Nestled in the heart of Soho in central London sits a small, unimpressive-looking venue.

Push your way through the double doors beneath a seedy flashing neon sign, however, and you encounter a plush world of opulence, red velvet curtains and art deco mirrors.

Until recently, the crowd filling the dance floor was as likely to be clad in baseball caps and chains as burlesque basques and feathers, but Madame Jojo’s – home to some of London’s most diverse nightlife for more than half a century – has now shut down for good.

News that Westminster council had revoked its licence this week, following an incident outside the club, has been greeted with disbelief, both by those who have hosted nights at the venue for years and the many loyal punters who flocked there every week in search of the quirkier side of London’s club scene. Supporters of Madame Jojo’s say that the closure is part of the council’s drive to gentrify Soho, which is robbing the area of its unique atmosphere and heritage in the process.

The venue, known to many as the home of burlesque and cabaret in Soho, hosted some of the earliest gigs played by bands such as the xx and Anna Calvi, and Lorde played her first UK show there. It was also the focal point of Michael Winterbottom’s 2013 film The Look Of Love, in which Steve Coogan plays Paul Raymond, the Soho porn baron who owned and ran Madame Jojo’s in the 1960s.

The incident that prompted the council to close the venue took place on 24 October, when its bouncers became involved in a dispute with a customer. The police report says members of the security team and their taxi operator violently assaulted the man after a verbal altercation. The man initially left, but returned and threw bottles at the bouncers and members of the public. The bouncers responded by attacking him with baseball bats. The police report concluded with a call to suspend the venue’s licence pending full revocation.

Madame Jojo’s subsequently changed its manager and bouncers for a team approved by the council, but it was not enough to save its licence.

Marcus Harris, who co-ran the now infamous White Heat night at the venue, hosting up and coming bands every week for more than 10 years, said the closure was a real loss for Soho. “There has been a venue in that place since the 1950s and it was given that name in the 1960s,” he said. “It’s a huge part of Soho’s history. Even the way the venue is decorated, there is nothing else like it in London. You can go there and see bands, you can see DJs, but you can also see cabaret and burlesque all sorts of unusual nights under one banner. It’s like a community of fringe culture.”

Harris said it was the first time in his decade at Madame Jojo’s that anything violent had happened, and that he could vouch for the venue’s previously good relationship with the council. He believes the speedy decision to close the venue permanently was indicative of the council’s negative attitude toward the few older, late-licence venues that still remain in the heart of Soho, an area “now in the clutches of gentrification”.

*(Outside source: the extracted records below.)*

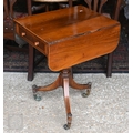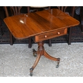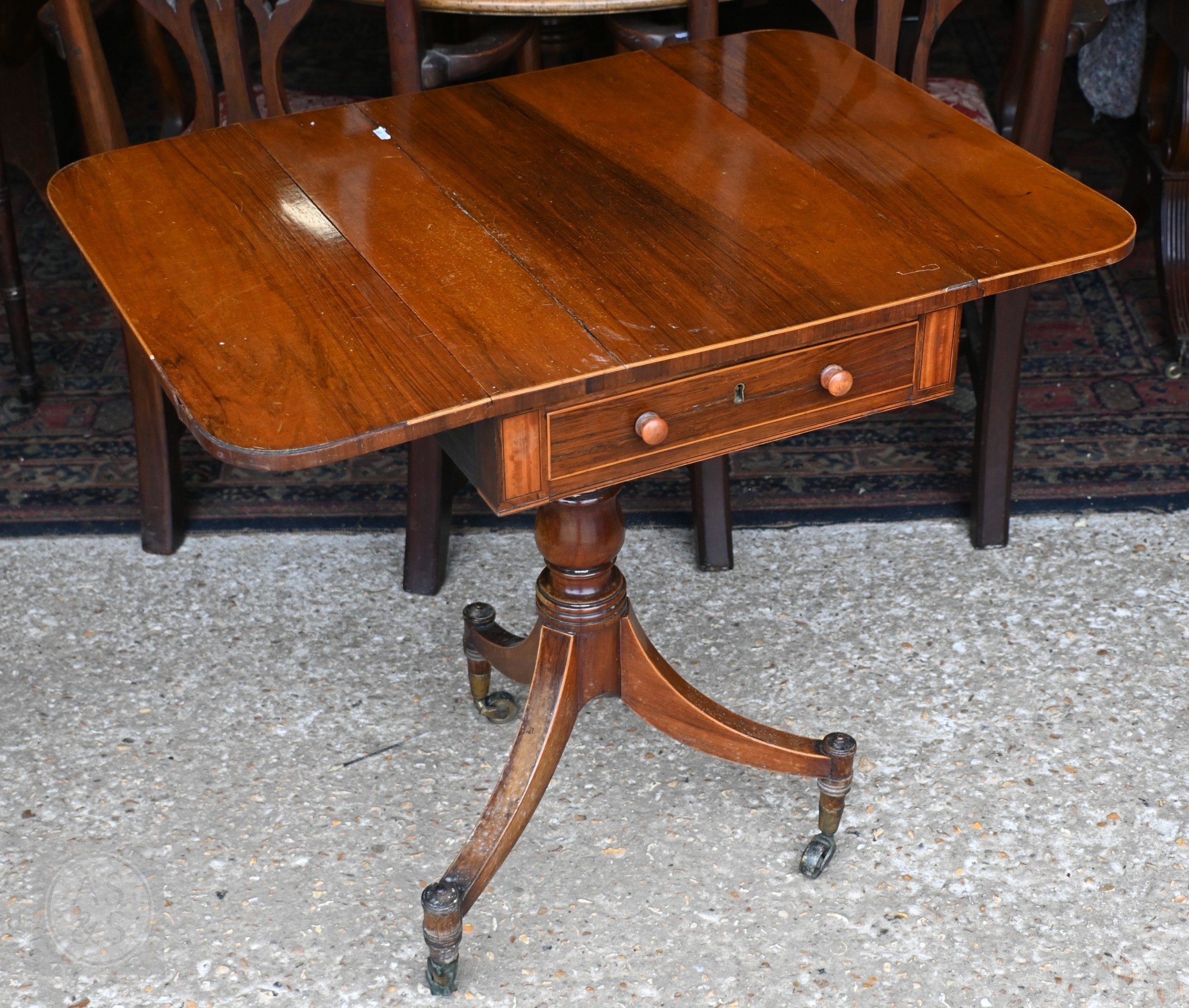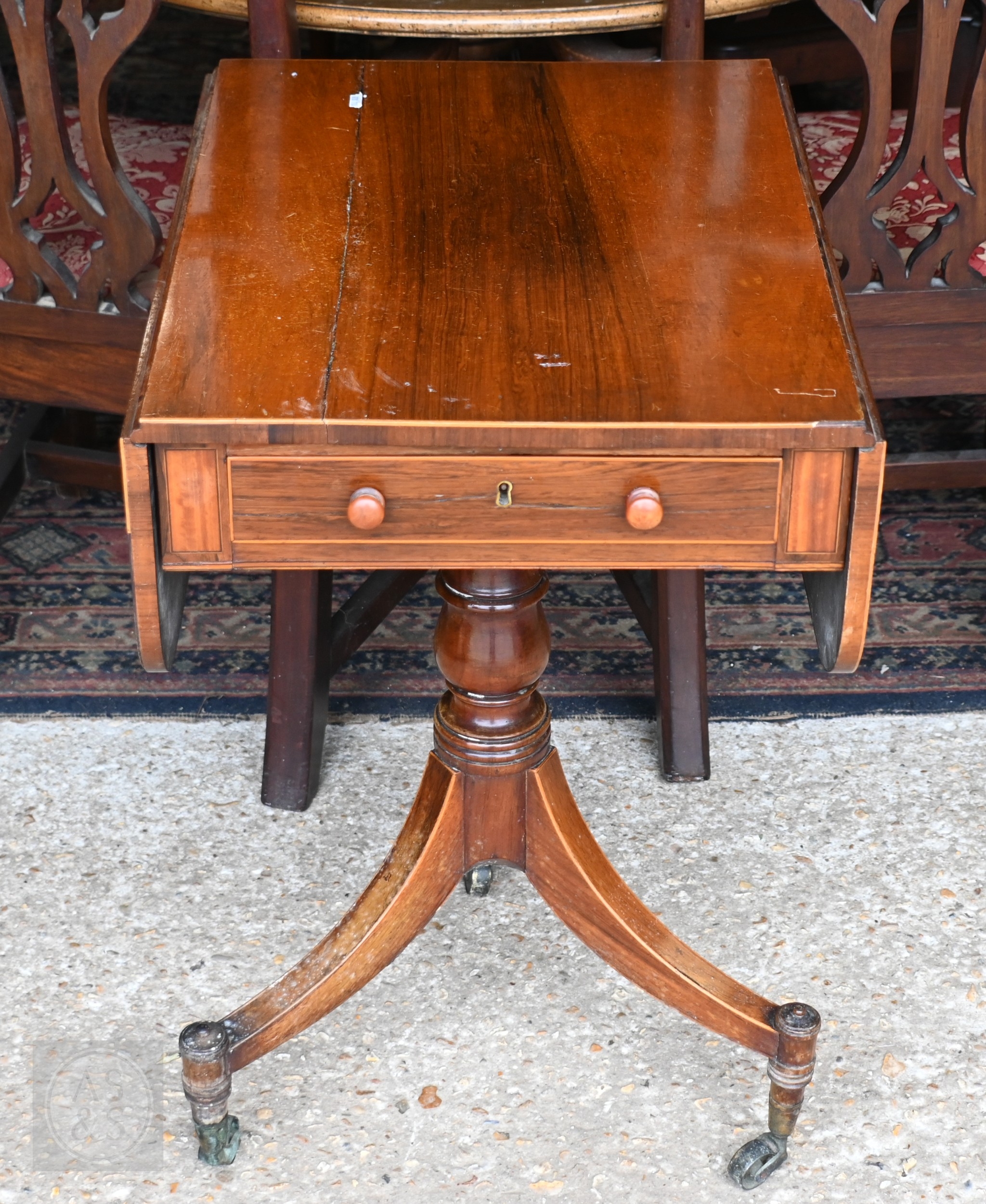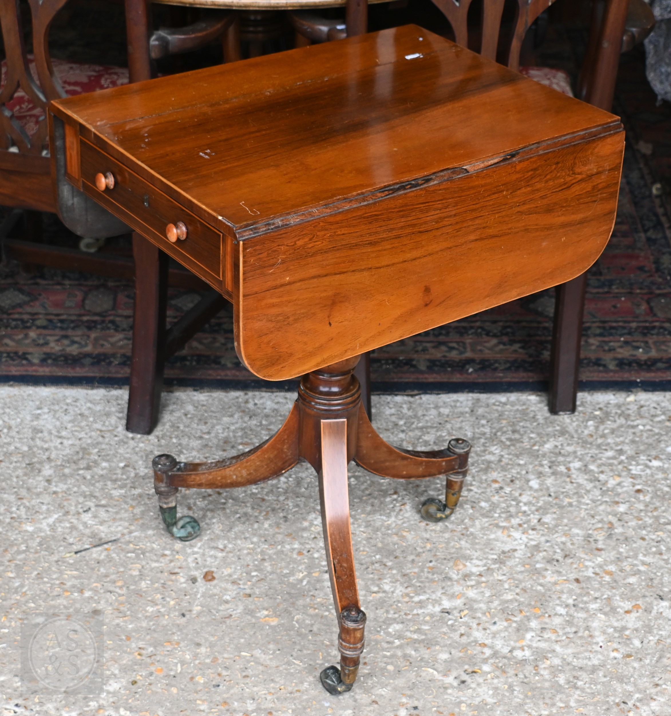 A Victorian rosewood drop leaf tripod table, with single frieze drawer raised on a baluster turned support to swept legs, on brass castors, 43 cm x 56 cm x 74 cm h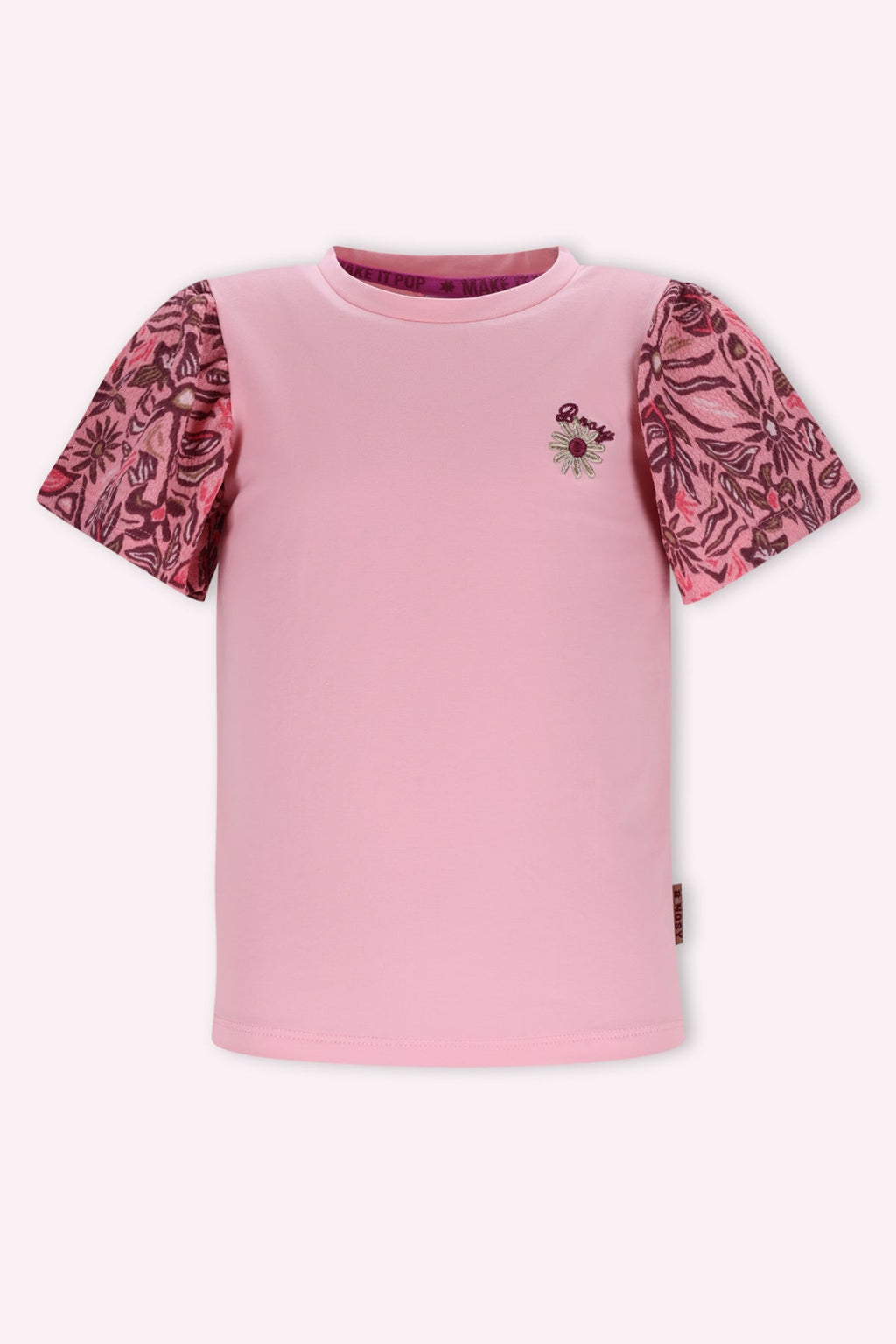 Deze leuke top van B.Nosy is een must-have voor meiden! De losvallende mouwen met bloemenprint geven een speelse touch. De print op de borst maakt deze top een echte eyecatcher. Combineer deze trendy top met de broek Penny of rok Ruth voor een complete outfit.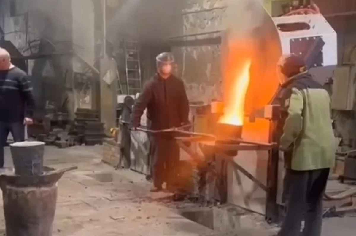 На опубликованном видео видны рабочие, переливающие раскаленный металл, после чего происходит мощная вспышка.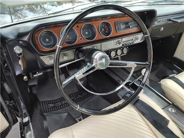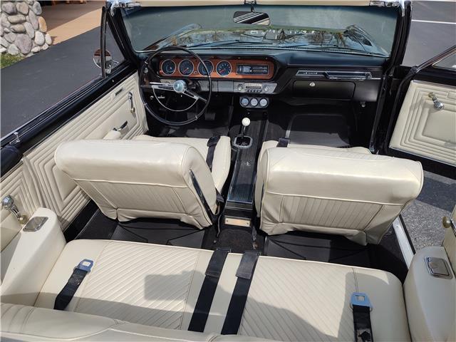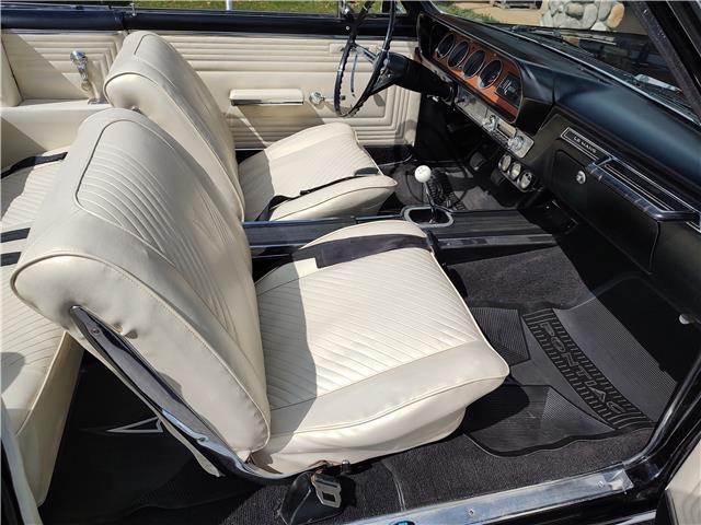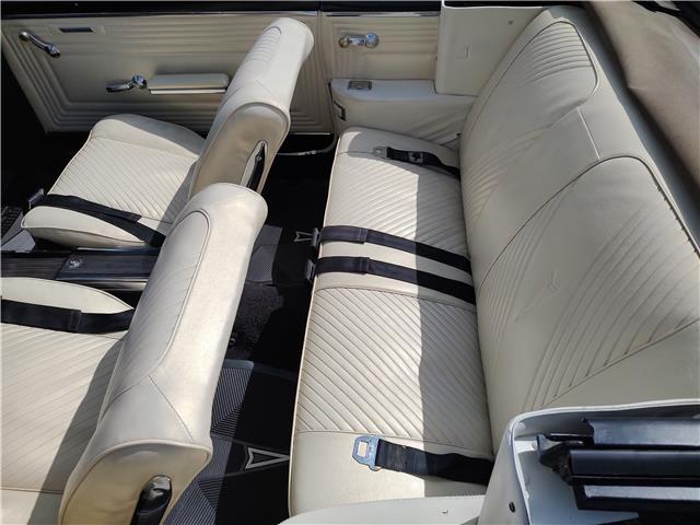 Factory parchment bucket seat console interior, dash has been refinished, original instrument cluster with factory in dash tach in very good condition, wood grain has been replaced, factory optional passenger grab handle, original AM radio - which still works, trio of gauges nicely mounted under dash, original deluxe steering wheel in excellent condition, new front door panels, arm rest and bases, rear door panels and arm rest are original in good condition; passenger side has a tare and wrinkles, new front and rear seat covers, updated front and rear seat belts, original 4 speed center console in good condition, new carpet and deluxe floor mats, new sill plates.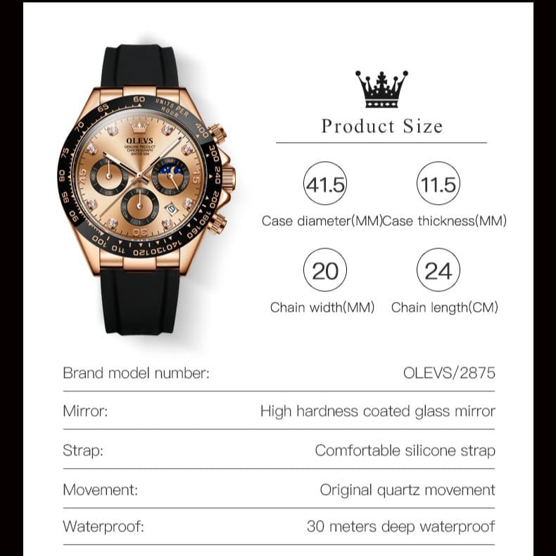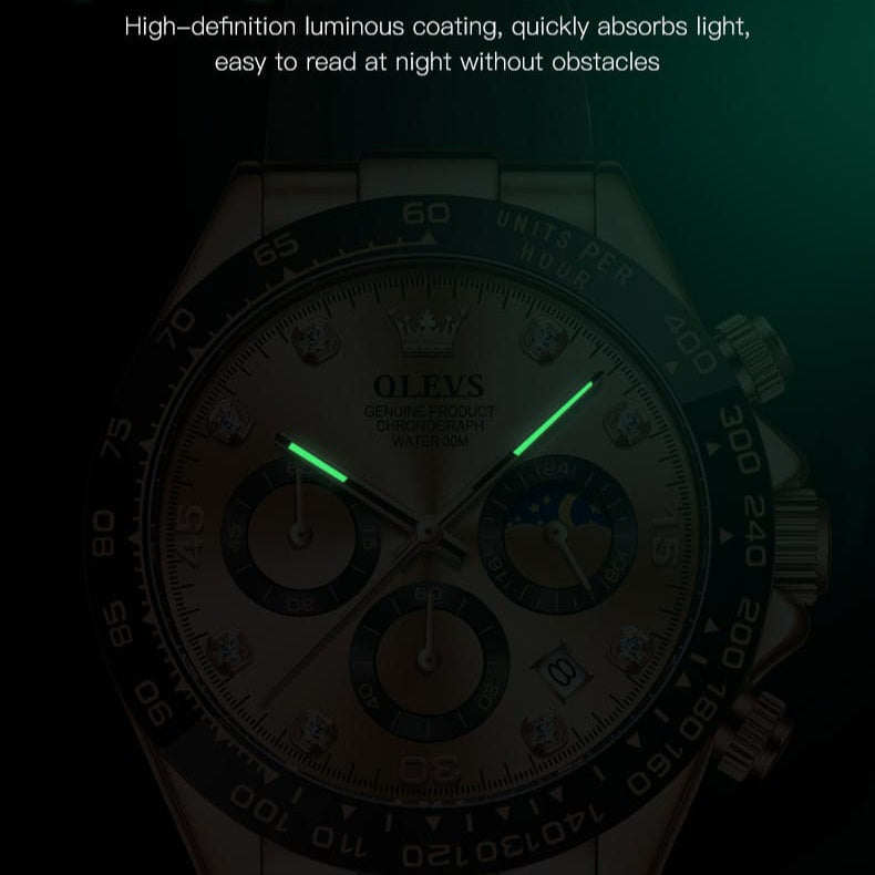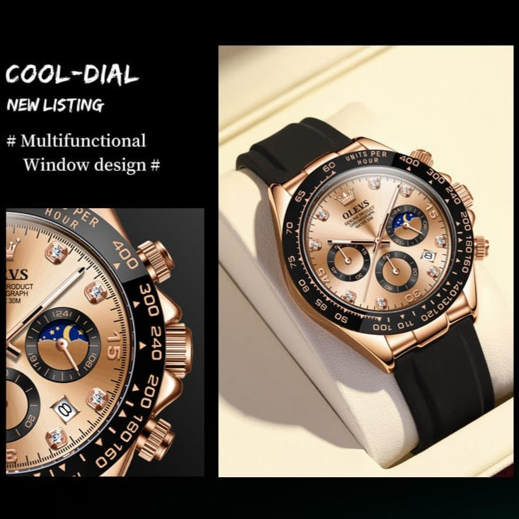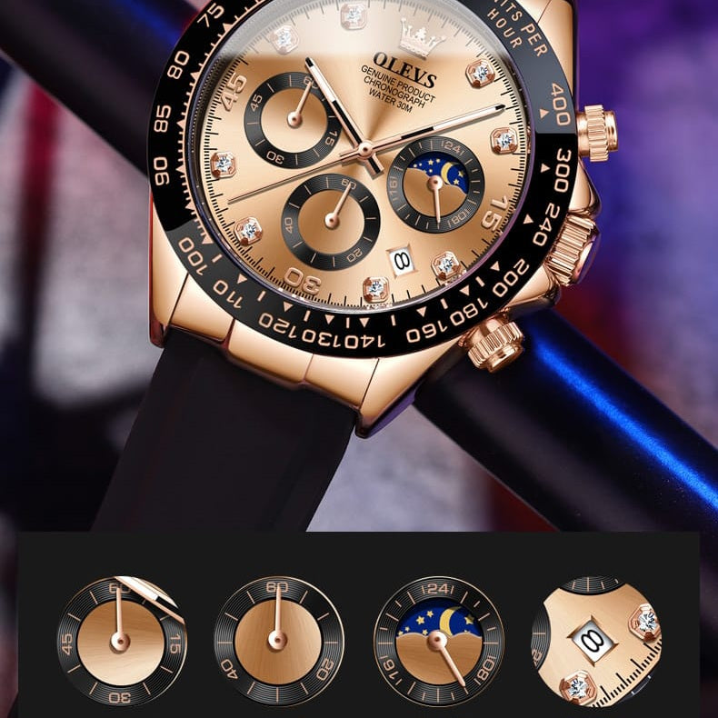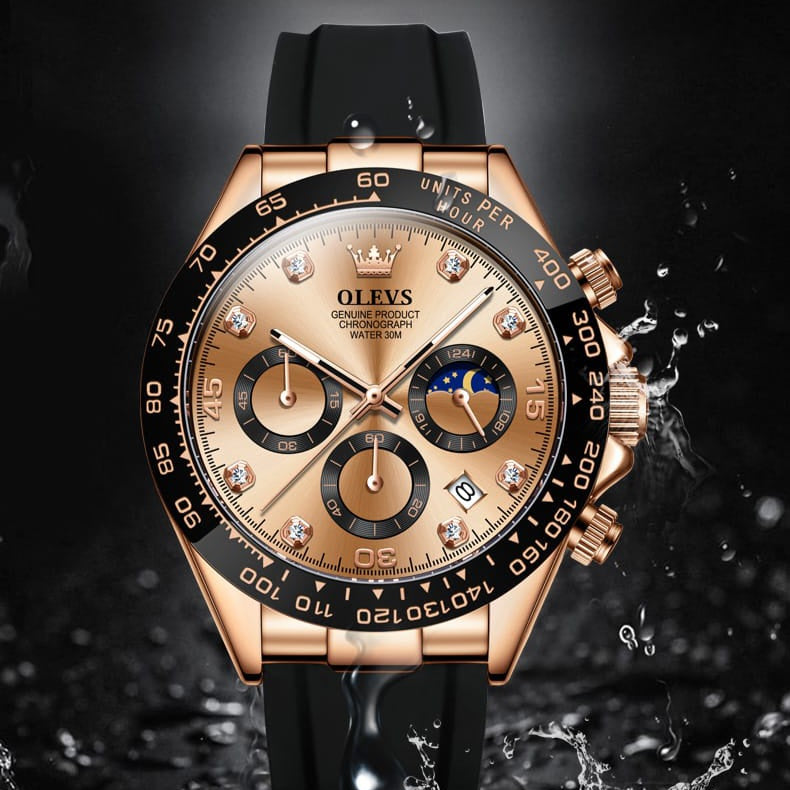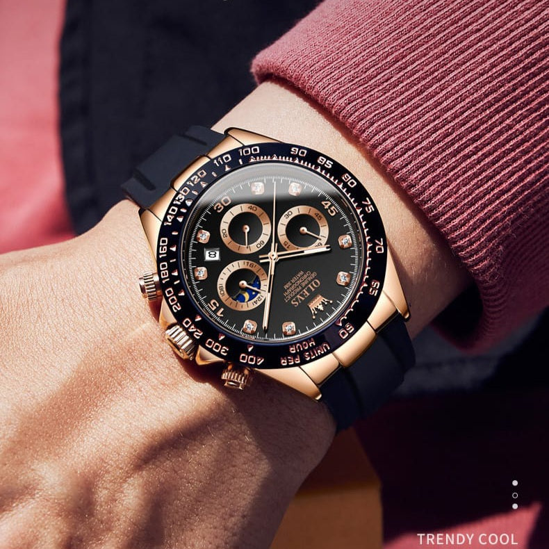 El diseño combina un acabado dorado elegante con un bisel deportivo y correa negra que le da una apariencia fuerte y moderna. Es el tipo de reloj que inmediatamente resalta en la muñeca.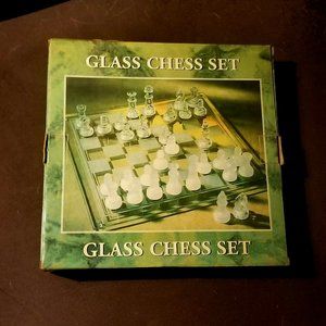 Vintage Glass Chess Set 32 Pieces Frosted and Clear w Glass Board and Box Board is app. 9 3/4" square King is app. 2 1/4" tall vintage condition - some gentle wear showing on the pieces and board. Still new in box. I think I got it a Christmas gift one year, trying to clean out some stuff from my closet.

“In my opinion, it seems that the council just used the incident as a good excuse to take away the licence,” he said. “It’s one of the few places left round there which has a 3am licence, seven nights a week. If you look at the way the area is changing, they clearly don’t want a late night drinking presence anywhere in Soho anymore. They want to make Soho about families – shopping, going out to eat, going to the theatre. The bars shut at 11 and you’re home by midnight.”

The future of Harris’s White Heat is now uncertain. “Crossrail already took at least five venues in the area and there is definitely a feeling that older, late night venues are being severely punished for things that might have been overlooked in the past … It’s bizarre how radically the area has changed in the past few years … It looks largely the same but it’s had a lot of its history gutted.”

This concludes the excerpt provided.